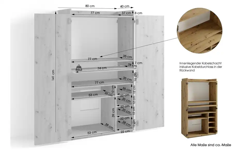 - max. Belastbarkeit je festem Einlegeboden bis ca.10 kg
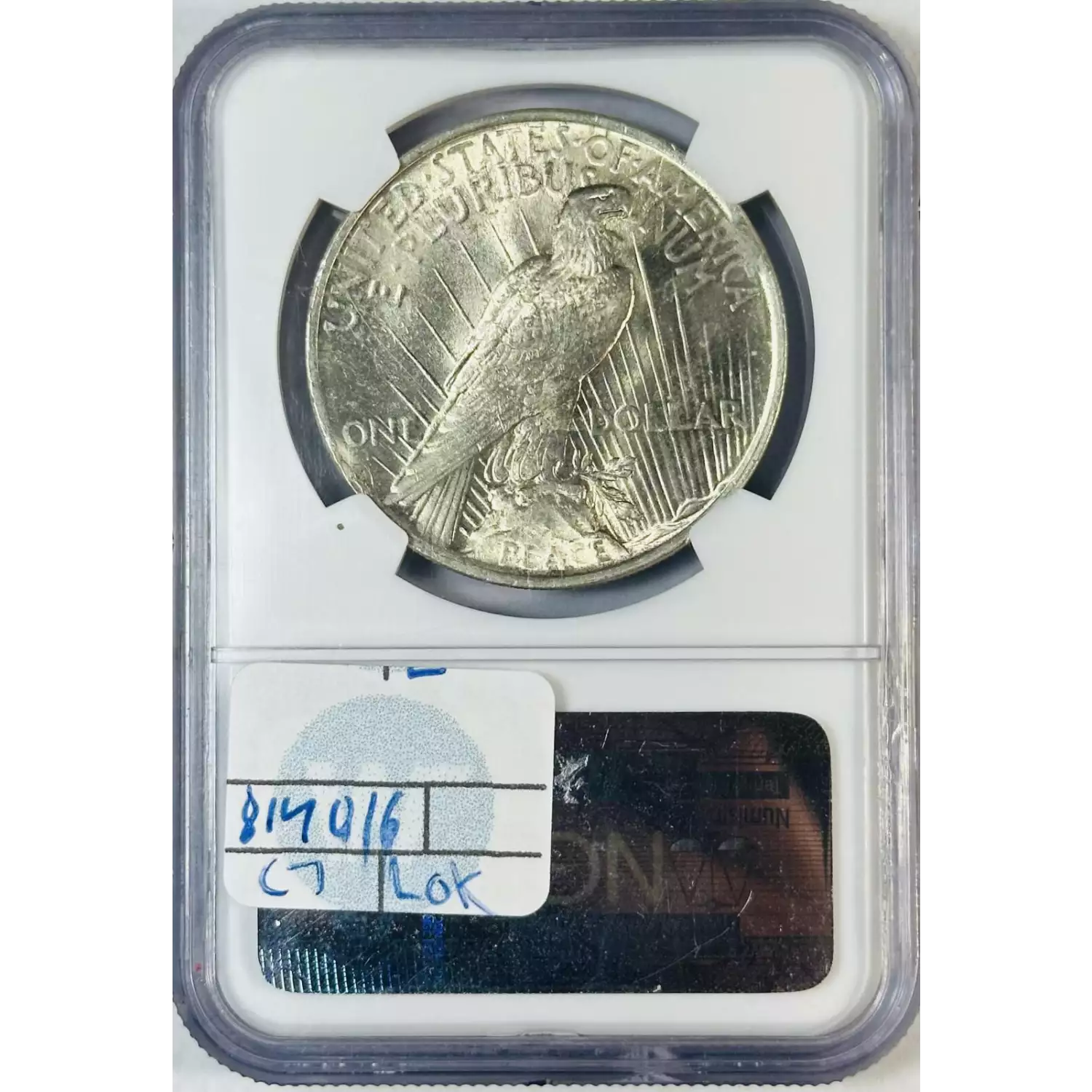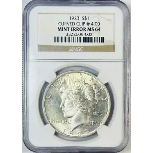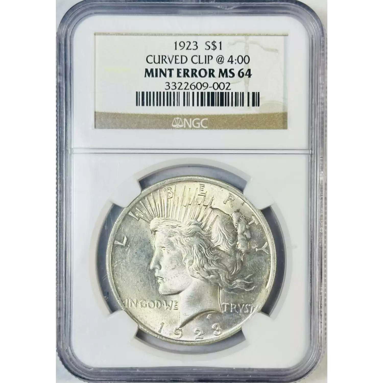1923 Peace Dollar NGC MS-64 1923 CURVED CLIP @ 4:00
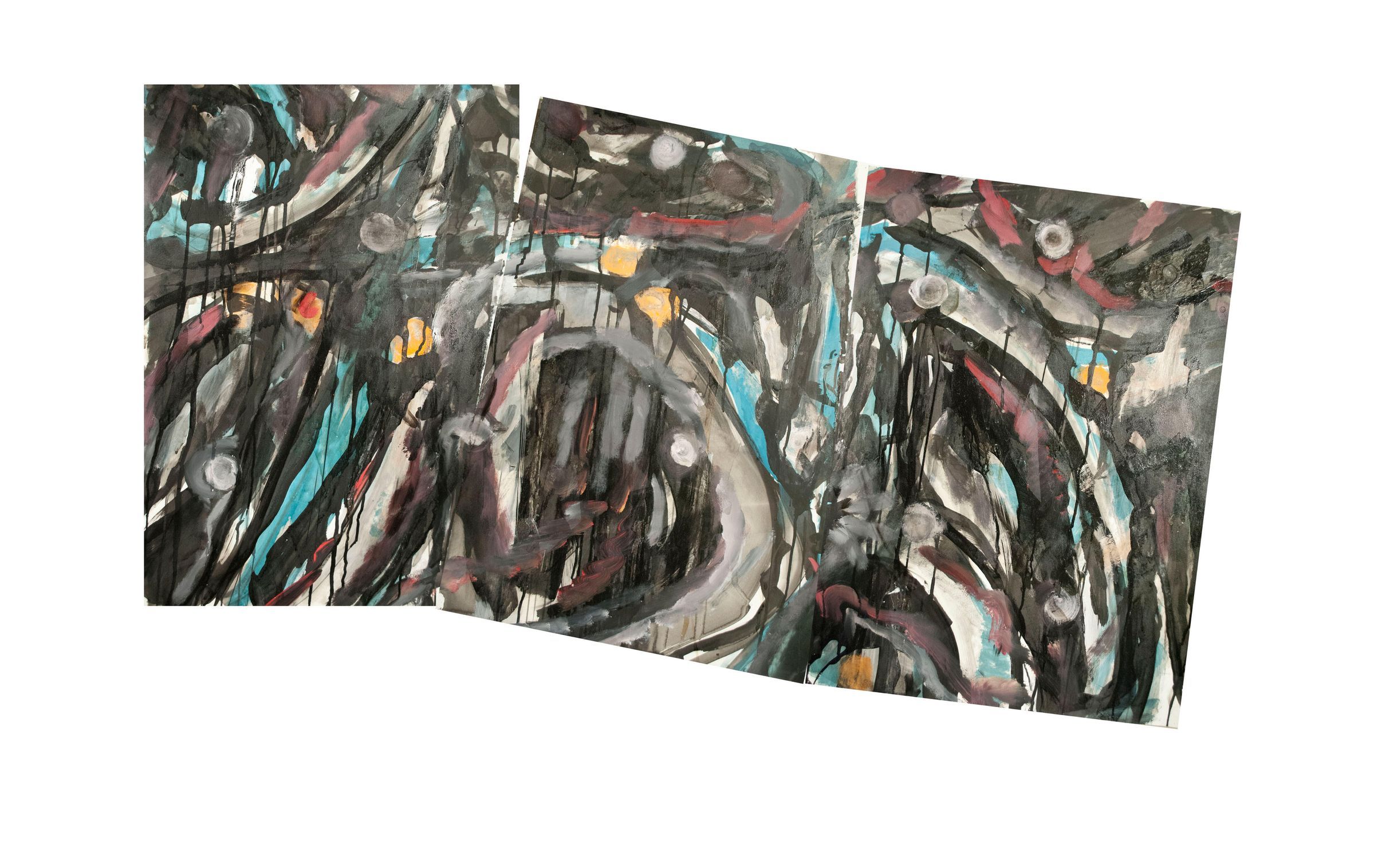 Triptych, abstract composition. Pinholes in corners of each. In good condition overall.Artwork Details
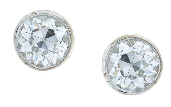 Each set with an old style vintage cut diamond of 0.68cts, collet set in 18ct white gold.

────────

Instructions to follow —
Reproduce the listing exactly, minus its pictures.

Your solution —
 - max. Belastbarkeit je festem Einlegeboden bis ca.10 kg
1923 Peace Dollar NGC MS-64 1923 CURVED CLIP @ 4:00
 Triptych, abstract composition. Pinholes in corners of each. In good condition overall.Artwork Details
 Each set with an old style vintage cut diamond of 0.68cts, collet set in 18ct white gold.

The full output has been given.